**** Supplied entries

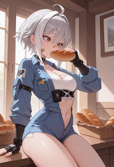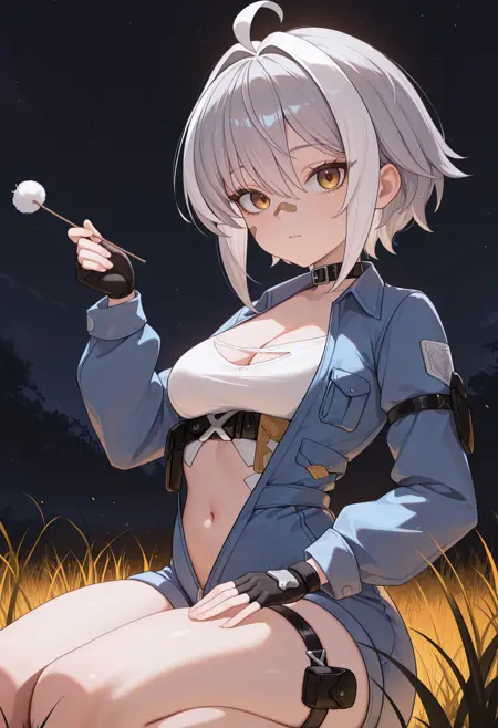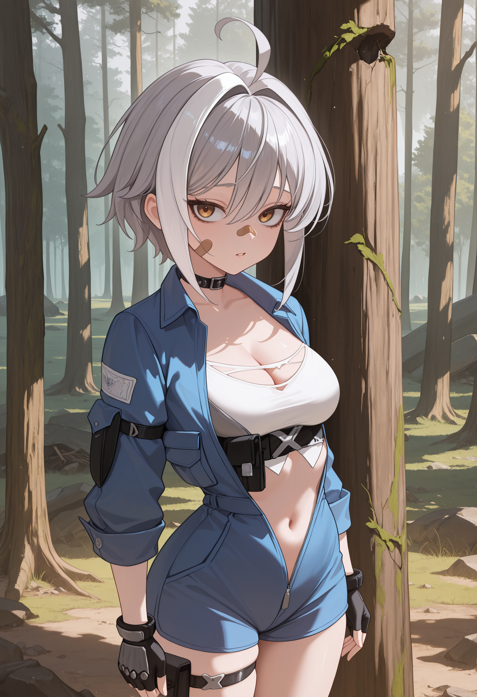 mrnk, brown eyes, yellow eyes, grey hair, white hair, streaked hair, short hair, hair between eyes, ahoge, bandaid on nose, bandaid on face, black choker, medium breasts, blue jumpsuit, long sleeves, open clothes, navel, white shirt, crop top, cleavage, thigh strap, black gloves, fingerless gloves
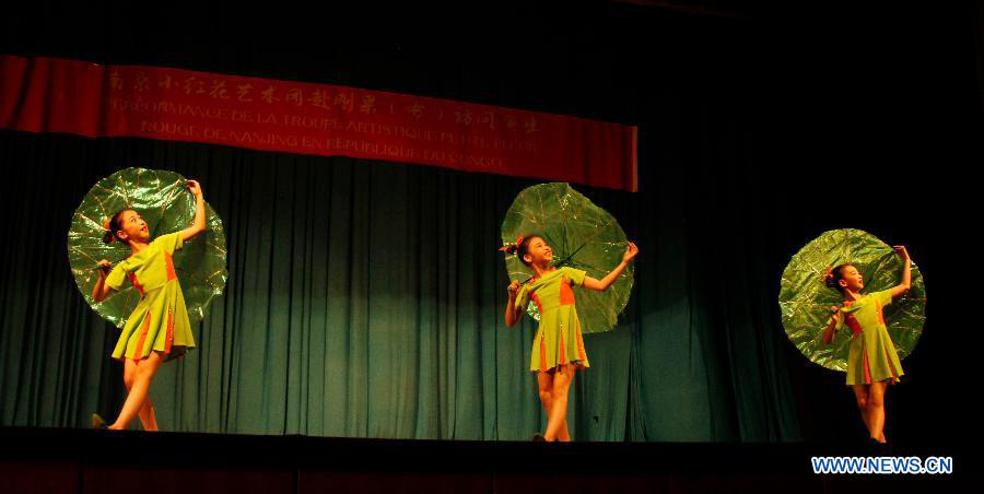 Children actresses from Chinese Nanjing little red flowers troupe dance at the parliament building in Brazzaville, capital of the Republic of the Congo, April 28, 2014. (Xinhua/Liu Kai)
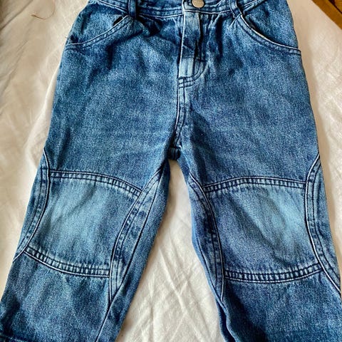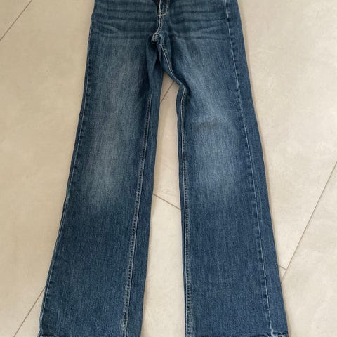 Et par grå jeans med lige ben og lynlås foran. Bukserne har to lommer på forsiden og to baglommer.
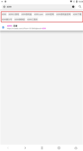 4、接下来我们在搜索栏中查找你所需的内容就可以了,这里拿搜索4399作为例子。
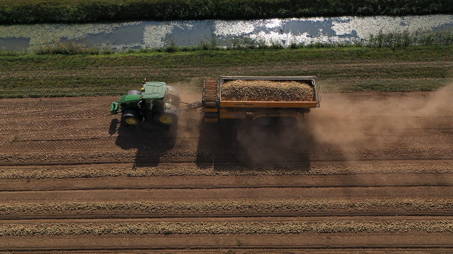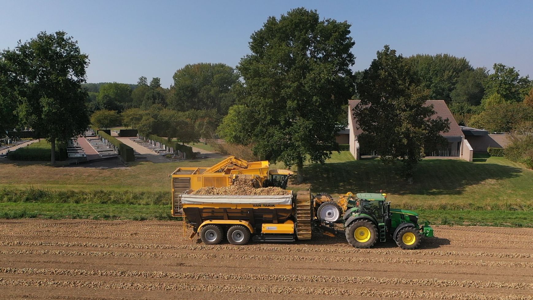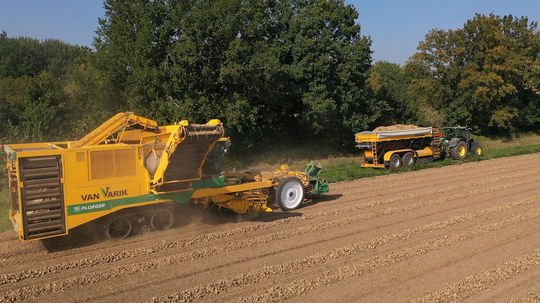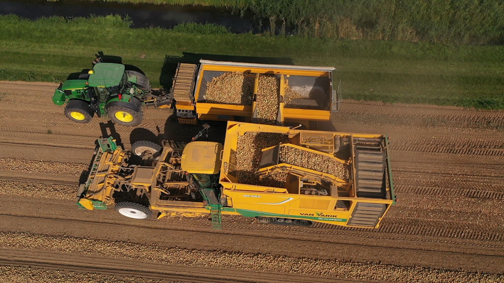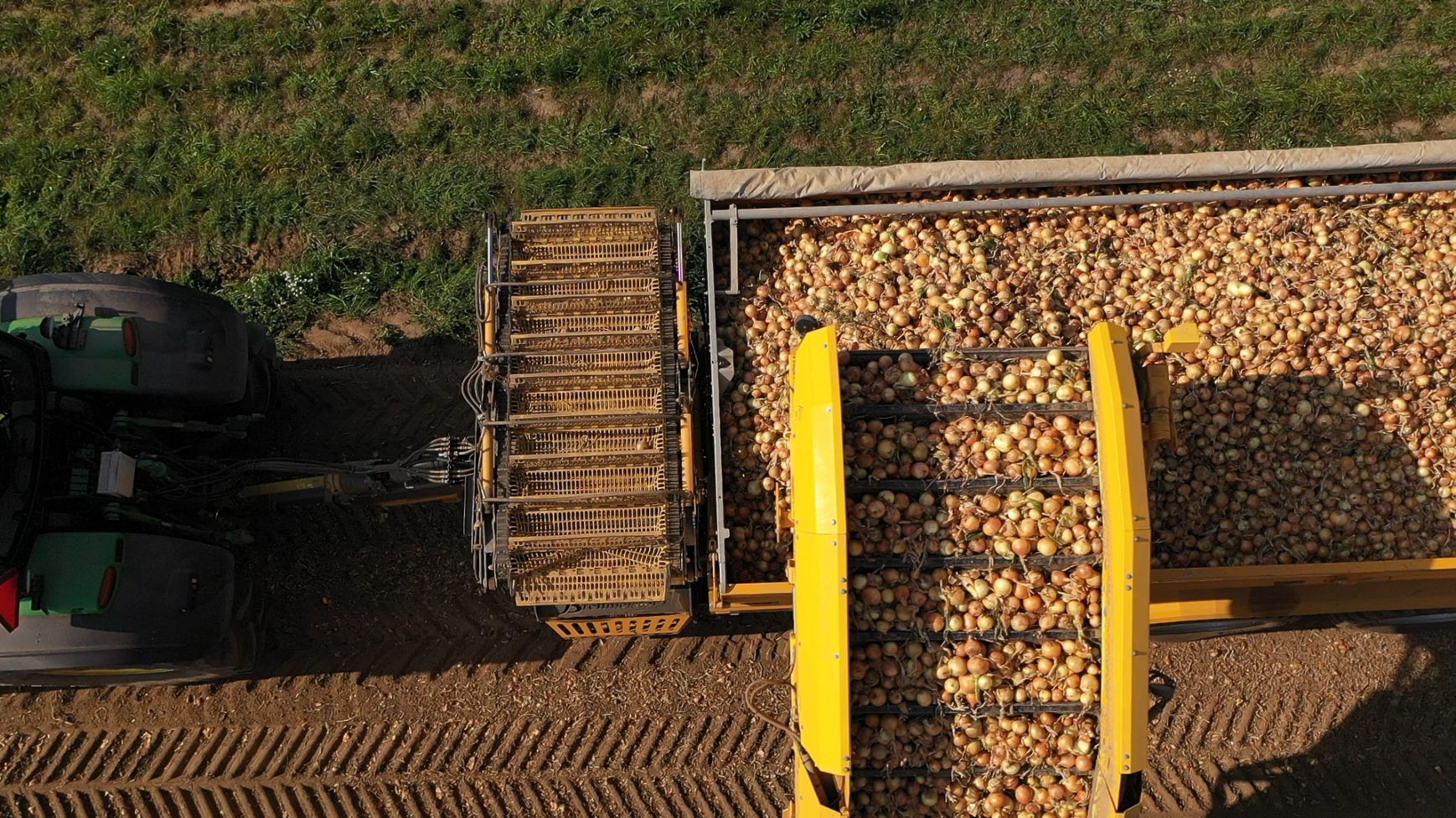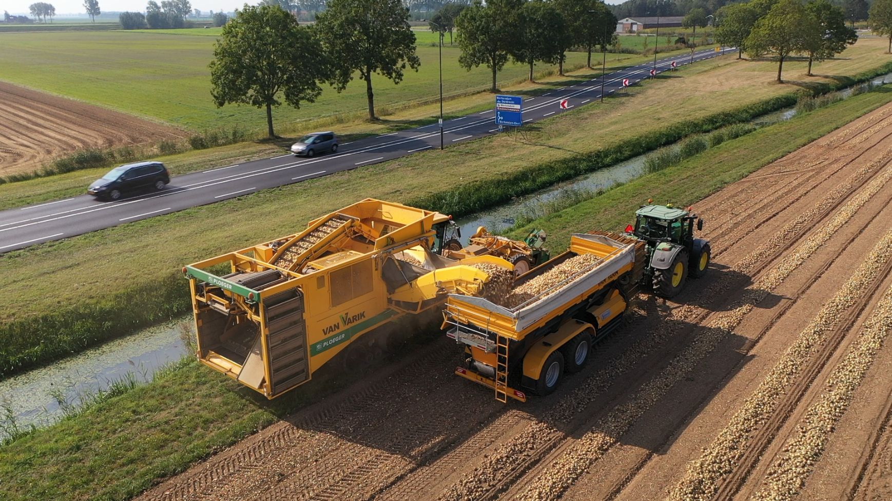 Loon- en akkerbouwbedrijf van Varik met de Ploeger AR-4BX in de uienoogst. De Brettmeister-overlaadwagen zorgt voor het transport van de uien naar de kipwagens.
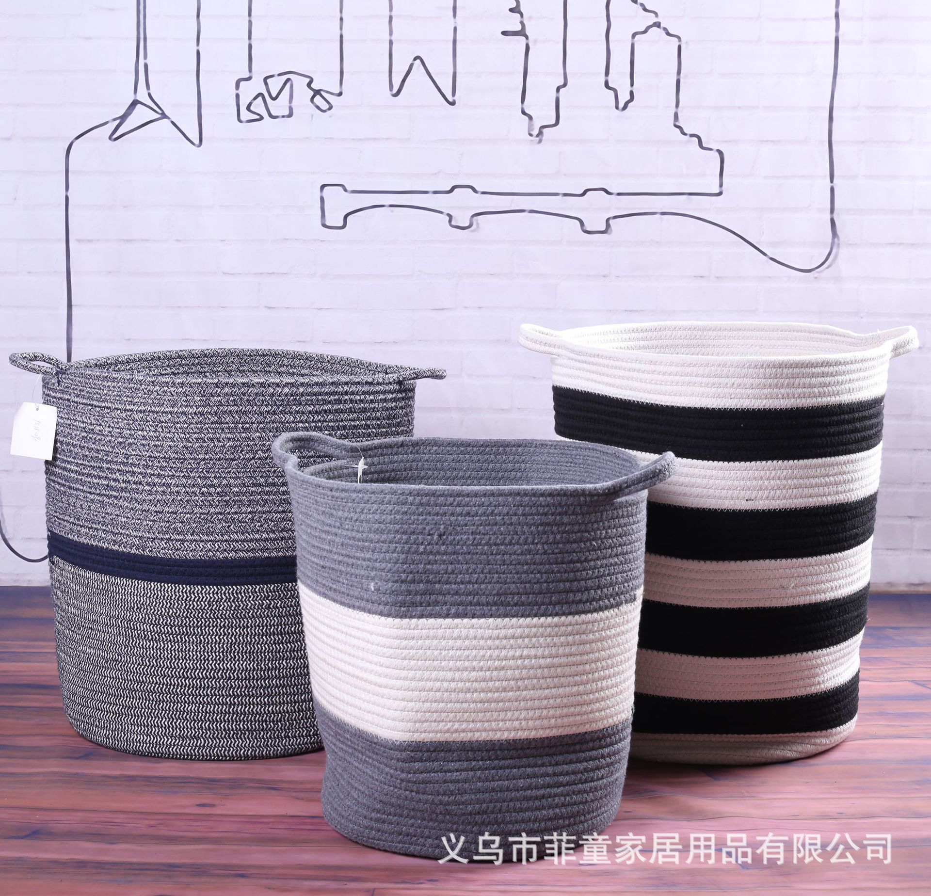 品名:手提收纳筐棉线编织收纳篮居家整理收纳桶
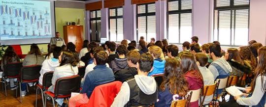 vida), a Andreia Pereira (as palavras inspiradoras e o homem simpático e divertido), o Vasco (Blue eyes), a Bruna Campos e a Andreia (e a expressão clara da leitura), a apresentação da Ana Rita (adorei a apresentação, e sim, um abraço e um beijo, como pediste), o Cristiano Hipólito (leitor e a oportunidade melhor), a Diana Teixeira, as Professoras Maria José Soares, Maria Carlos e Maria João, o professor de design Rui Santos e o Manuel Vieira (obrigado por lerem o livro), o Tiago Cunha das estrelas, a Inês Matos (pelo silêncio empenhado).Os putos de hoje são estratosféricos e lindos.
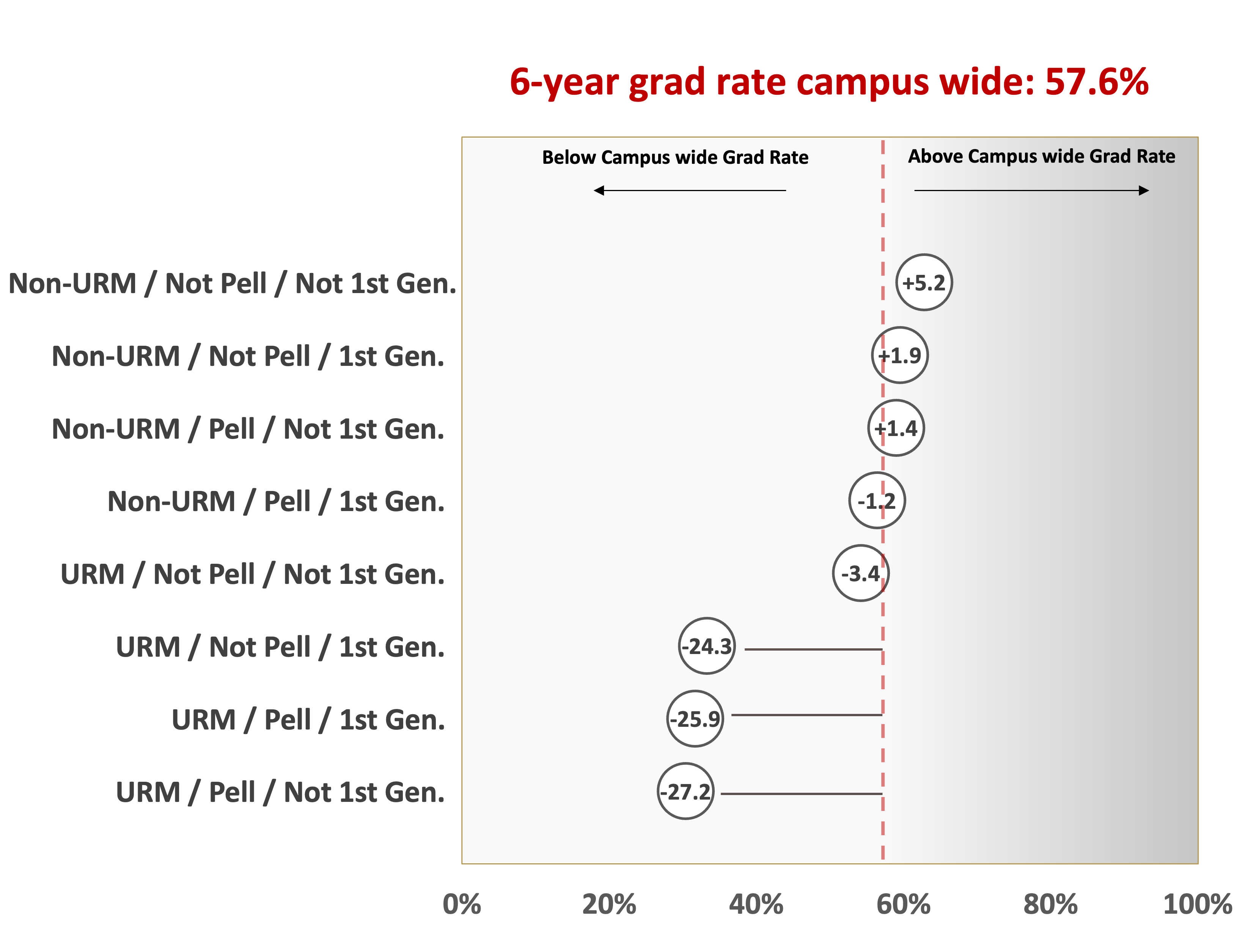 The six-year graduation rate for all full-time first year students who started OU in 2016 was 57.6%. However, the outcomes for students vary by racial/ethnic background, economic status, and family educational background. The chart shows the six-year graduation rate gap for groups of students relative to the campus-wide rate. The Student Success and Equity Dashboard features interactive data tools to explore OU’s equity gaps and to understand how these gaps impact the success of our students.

********

| Exercise instructions |
Leave out the pictures. Return exactly the lines from the first line of the records to the line bearing "品名:手提收纳筐棉线编织收纳篮居家整理收纳桶", inclusive.

| Task solution |
 mrnk, brown eyes, yellow eyes, grey hair, white hair, streaked hair, short hair, hair between eyes, ahoge, bandaid on nose, bandaid on face, black choker, medium breasts, blue jumpsuit, long sleeves, open clothes, navel, white shirt, crop top, cleavage, thigh strap, black gloves, fingerless gloves
 Children actresses from Chinese Nanjing little red flowers troupe dance at the parliament building in Brazzaville, capital of the Republic of the Congo, April 28, 2014. (Xinhua/Liu Kai)
 Et par grå jeans med lige ben og lynlås foran. Bukserne har to lommer på forsiden og to baglommer.
 4、接下来我们在搜索栏中查找你所需的内容就可以了,这里拿搜索4399作为例子。
 Loon- en akkerbouwbedrijf van Varik met de Ploeger AR-4BX in de uienoogst. De Brettmeister-overlaadwagen zorgt voor het transport van de uien naar de kipwagens.
 品名:手提收纳筐棉线编织收纳篮居家整理收纳桶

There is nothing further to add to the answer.